За спиной сержанта виднелась дюжина вооруженных до зубов караульных. Разглядев французские мундиры, он потребовал:
– Déclarez-vous! [118]
– Je suis le lieutenant Guillemot, et j’emmène le général d’Alviano ici present à Son Exellence le Duc Général Monsieur de Valois. Le général d’Alviano s’est rendu seul et sans armes, selon les exigencies de Monsieur le Duc [119] , – бойко отрапортовал Эцио, заставив Бартоломео удивленно вскинуть брови.
– Что ж, лейтенант Гийемо, нашего генерала обрадует новость, что у генерала д’Альвиано наконец-то прочистились мозги, – сказал подоспевший капитан французского караула. – У вас немного странный выговор. Никак не пойму, откуда вы родом.
– Из Монреаля [120] , – не моргнув глазом ответил Эцио.
– Открыть ворота! – приказал капитан сержанту.
– Открыть ворота! – рявкнул караульным сержант.
Не прошло и минуты, как ассасин уже вел своих людей в самое сердце французского лагеря. Они немного перестроились, и теперь Эцио и Бартоломео шли почти рядом.
– Я прикончу их всех, – бормотал верзила. – А их почки изжарю себе на завтрак. Кстати, не знал, что ты говоришь по-французски.
– Научился во Флоренции, – небрежно ответил Эцио. – Была у меня пара француженок…
Он молча радовался, что капитан принял его акцент за местный выговор и не заподозрил подвоха.
– Жулик ты! – усмехнулся Бартоломео. – Недаром говорят, это лучшее место, где можно учить иностранные языки.
– Ты про Флоренцию?
– Дурень! Я про постель!
– Заткнись.
– Ты уверен, что кандалы ненастоящие?
– Пока рано, Барто. Имей терпение. И закрой рот!

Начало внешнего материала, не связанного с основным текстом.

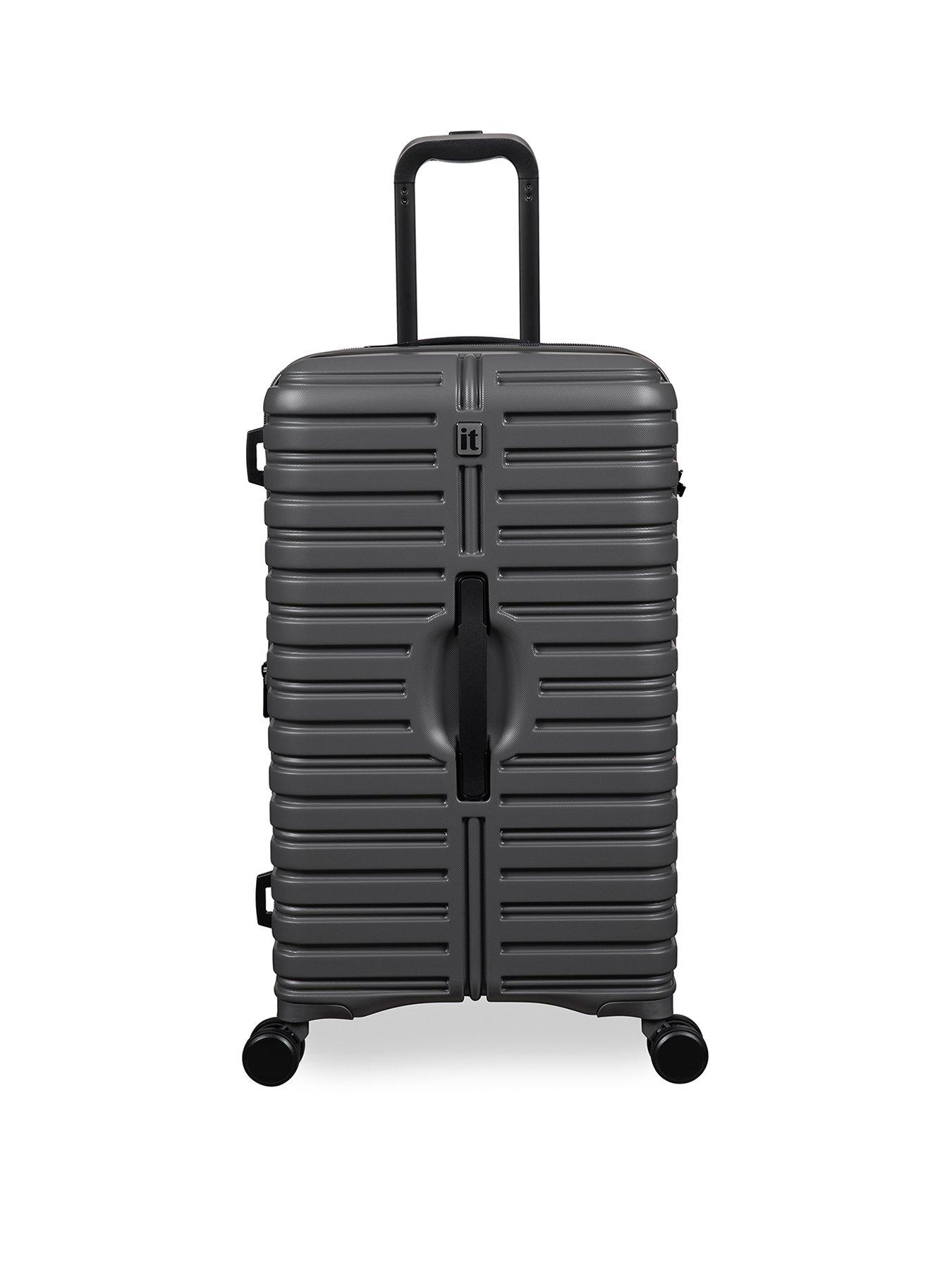 it Luggage Jumbo Charcoal Medium SuitcaseDon't worry about space with the Jumbo collection by IT Luggage. Never worry about whether you can fit in an extra pair of shoes with this deep panelled suitcase perfect for fitting in bulky shaped items. With an extra carry handle on the front panel, it has never been easier to grab and manoeuvre your suitcase. With an 8-wheel spinner system you will be able to easily control your suitcase on your next adventure. If the Jumbo collection didn't offer enough room to begin with then the single expander will give you that extra bit of space. Bring more with you on your next adventure.Medium External Dimensions: 71 x 42.5 x 33cm + 7.6cm Exp Medium Internal Dimensions: 63.5 x 39 x 33cm + 7.6cm Exp Medium Weight: 4.37kg Medium Capacity: 100L 10 Year Warranty

– Я и так терплю из последних сил… О чем болтают эти лягушатники?
– Потом расскажу.
Эцио убедился: знание французского у Бартоломео исчерпывалось несколькими фразами, почти целиком состоящими из ругательств. Это даже хорошо, что он сейчас не понимал слов, бросаемых французскими солдатами.
– Chien d’Italien [121] .
– Prosterne-toi devant tes supérieurs [122] .
– Regarde-le, comme il a honte de ce qu’il est devenu! [123]
Вскоре смешки и оскорбительные фразы остались позади. «Пленный» и «сопровождающие» остановились у подножия широкой лестницы, что вела в жилище генерала. Валуа стоял наверху, в окружении старших офицеров. Рядом с ним стояла пленная Пантасилея. Ее руки были связаны за спиной. На ноги ей надели кандалы, позволявшие передвигаться мелкими шажками. При виде жены Бартоломео не удержался и сердито зарычал. Эцио пнул его ногой.
Валуа махнул рукой:
– Не надо излишней жестокости, лейтенант. Однако должен поблагодарить вас за проявленное рвение.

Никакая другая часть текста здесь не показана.